Yisborach, v’yistabach, v’yispoar, v’yisroman, v’yisnaseh, v’yishador, v’yishalleh, v’yishallol, sh’meh d’kudsho, b’rich hu.
Birthdeath, "the Monster of the Beginning Womb," revolted only "a little, not much," followed by the Hebrew that only comparatively late in life am I beginning to get a feel for, if not comprehension of: Blessed and praised, glorified and exalted, extolled and honored, adored and lauded be the name of the Holy One, blessed be He. Something I say, or ought to say, every December 21, on the anniversary of my own mother's death.
As with Ginsberg, my mother represents a portal to the incomprehensible cruelty of the past. In Naomi's case, she is haunted, sometimes comically, by the specter of Adolf Hitler--"she saw his mustache in the sink." My own mother was herself a Holocaust survivor, born in Budapest in 1942, hidden with her grandparents in the ghetto while her own parents, my grandparents, Ernest and Eva Montag, were sent to Auschwitz. Miraculously, both survived, and returned to Hungary to collect their little girl, and spent a few years in the British DP camp in Bergen Belsen before emigrating to this country, where she grew up in the long shadow of her parents' trauma, in Queens.
Fifty years ago, in the summer of '65, incessant traveler Ginsberg managed to get himself kicked out of two socialist countries in succession (Cuba and Czechoslovakia), as he writes in a long and entertaining letter to the legendary antipoet Nicanor Parra. He also, in passing and by the way, paid a visit to Auschwitz, a visit summed up in one peculiar sentence in his letter to Parra: "Then a week in Krakow which hath a beauteous cathedral with giant polychrome altarpiece by medieval woodcarver genius Wit Stoltz, and car ride to Auschwitz with some boy scout leaders who were trying to pick up schoolboys hanging around the barbed wire gazing at tourists." This borders on bad taste: is the perpetually horny Ginsberg unable to notice anything at the camp other than the vaguely predatory behavior of the "boy scout leaders" he is inexplicably traveling with? And who the hell was Wit Stoltz? Google turns up only Ginsberg's letters and, if you don't use quotation marks, footage of Eric Stoltz as Marty McFly in unused footage from Back to the Future.
On Sunday, October 25, sixty years after Howl and fifty-six years after Kaddish and fifty years after Ginsberg made nothing, at least nothing obvious, of standing on the ashen ground of Auschwitz, and eighteen years after Ginsberg's death in New York, I will visit Auschwitz-Birkenau for the first time. Although Ginsberg had already written the poems on which his reputation stands by the time of his own visit, there is a case to be made that those poems are saturated by the experience of the Shoah, as processed through the ambiguous relation of an American Jewish poet to that experience. Allen Grossman puts it this way:
The characteristic literary posture of the postwar poet in America is that of the survivor—a man who is not quite certain that he is not in fact dead…. ’Since so many like me died, and since my survival is an unaccountable accident, how can I be certain that I did not myself die and that America is not in fact Hell, as indeed all of the social critics say it is?’ Ginsberg’s poetry is the poetry of a terminal cultural situation. It is a Jewish poetry because the Jew is a symbolic representative of man overthrown by history. (153)

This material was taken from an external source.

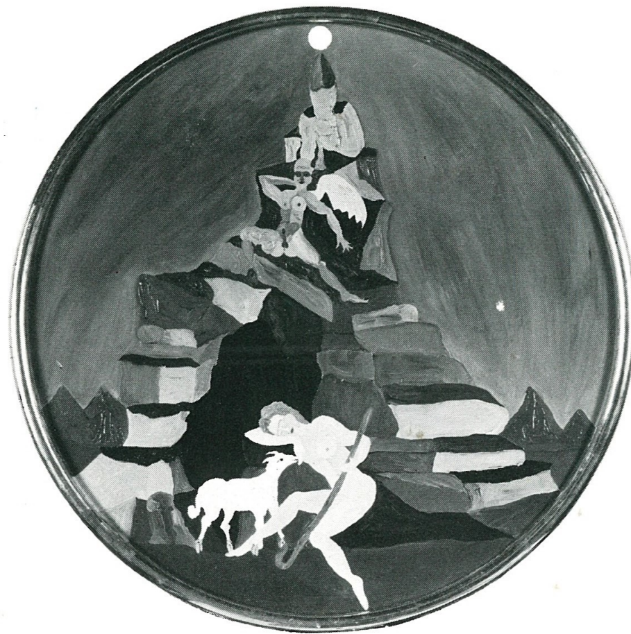
EDMIONE E DEMONIO
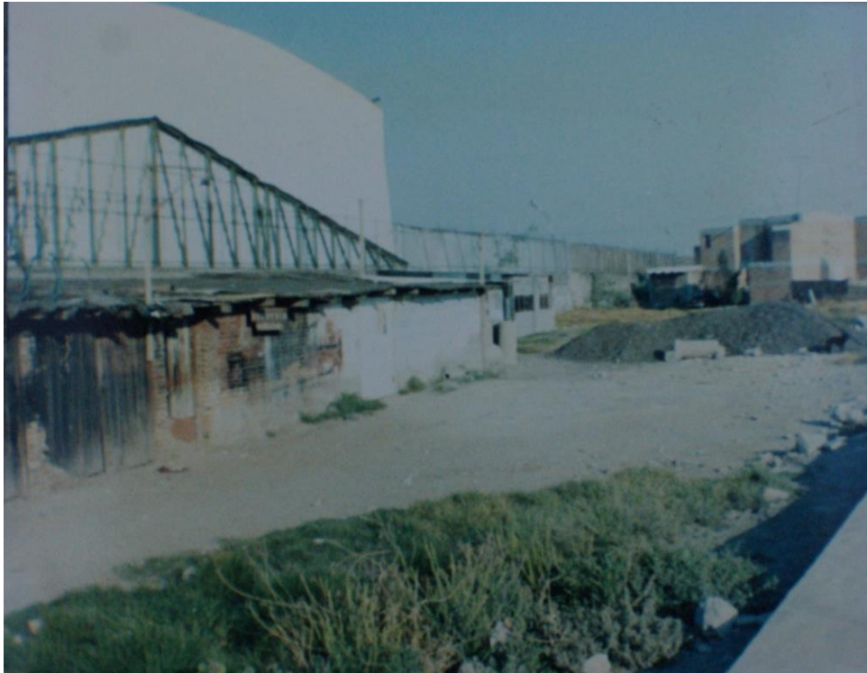
Imagen 1 Extraída del archivo de Daniel Mejía S/F.

observan esos cuartos. El lugar de la foto es el mismo que se mostrara más adelante en otras fotos cuando se hable del salón de usos múltiples, ya que estos cuartos se usaban como oficinas y como se dijo arriba como dormitorio de los albañiles al inicio de la cooperativa. En la foto todavía no estaba construido el salón de usos múltiples, El salón se empezó a construir en los años noventa del siglo pasado.

Grossman goes on to claim that "Ginsberg's chief artistic contribution in Kaddish is a virtually psychotic candor that affects the mind less like poetry than like some real experience that is so terrible that it cannot be understood. In America, which did not experience the Second World War on its own soil, the Jew indeed may be the proper interpreter of horror" (157). That "virtually" is interesting because what we have here are paired and opposed virtualities: the virtuality of "the bitter logic of the poetic principle" (poetry's effacement or erasure of the actual in its pursuit of representation) versus "virtually psychotic candor," a break not with representation but with reality itself. Kaddish, in other words, comes as close as any (American) poet can to presenting something like the unrepresentable horror of the war, something which can otherwise only be given in the testimony of survivors, the only discourse unbarred by the Adornian dictum "To write poetry after Auschwitz is barbaric."
Implicitly or maybe explicitly, Grossman criticizes Ginsberg and other American poets for reducing the disasters of the twentieth century to the personal. But what other ground does a fundamentally lyric poetry (and I believe that Ginsberg is a lyric poet, in spite of the length of his most famous poems) have to work from? Put another way, I feel myself as a poet and writer forever trying to reconstitute the conditions that ground my imagination and its powers, however limited. I've dedicated at least one novel to trying to reimagine, from a skewed perspective, the mental life of my mother; in another novel I'm imagining the moment my parents met; in yet another project I use the Heidegger-Arendt affair as a kind of ground zero moment of the twentieth century but project it into the twenty-first, so as to make the resources we've developed around the problem of the unimaginable (in history) available for imagining the future.
For me there's no getting away from Allen Ginsberg; poetically speaking he's my gay grandfather, mon hypocrite semblable, whose drolly encompassing prosody seems to promise, as Grossman suggests, not a description of experience but experience itself. A kind of wit matched with the darkest recesses of experience, intended not to aggrandize the self but which makes the lyric I into the imperiled traveler (a drunken boat) we all are.
Standing on that bare ground, in Poland, my head bathed by the smokeless air, I will encounter neither Allen nor my grandparents nor the angel of history but sheer contingency, fragility, the monster of beginning, that which enables fate.